COLLECTED MATERIAL.
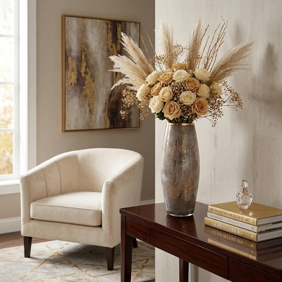 Elegant Metallic Glass Vase - Tall Glam Decorative Centerpiece with Aluminum Accent for Home, Office, Bedroom & Living Room - 24" Gold
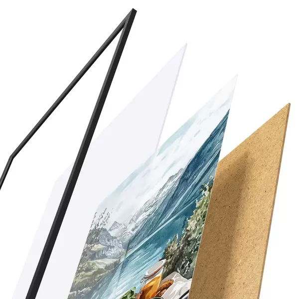 L’affiche encadrée est composée d’un cadre, d’un plexiglas, d’une image imprimée et d’un support en aggloméré. Elle est prête à être accrochée au mur grâce aux fixations situées à l’arrière.
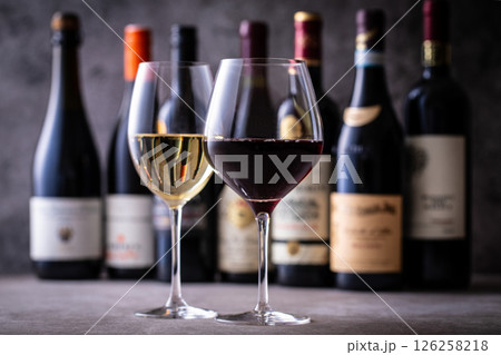 赤白ワインボトル 切り抜き画像
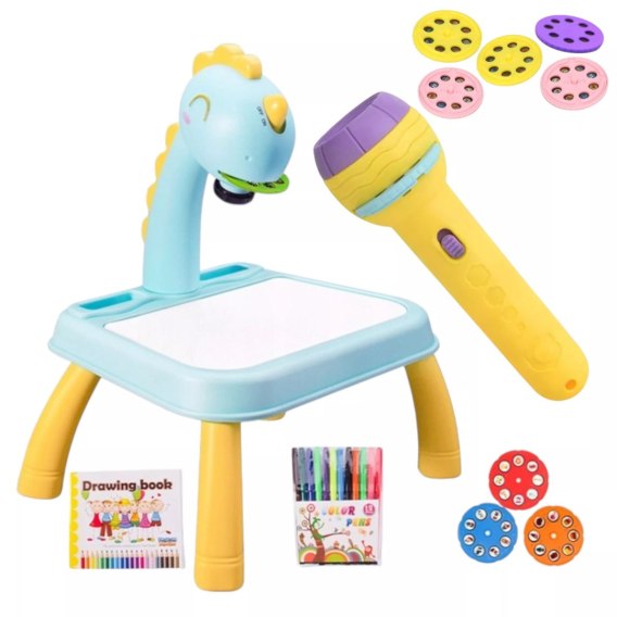 Grający projektor do rysowania z latarką - zestaw do malowania z obrazkami

WHAT THIS TASK INVOLVES.
Please retype the listing exactly, leaving out any images.

EXERCISE RESULT.
 Elegant Metallic Glass Vase - Tall Glam Decorative Centerpiece with Aluminum Accent for Home, Office, Bedroom & Living Room - 24" Gold
 L’affiche encadrée est composée d’un cadre, d’un plexiglas, d’une image imprimée et d’un support en aggloméré. Elle est prête à être accrochée au mur grâce aux fixations situées à l’arrière.
 赤白ワインボトル 切り抜き画像
 Grający projektor do rysowania z latarką - zestaw do malowania z obrazkami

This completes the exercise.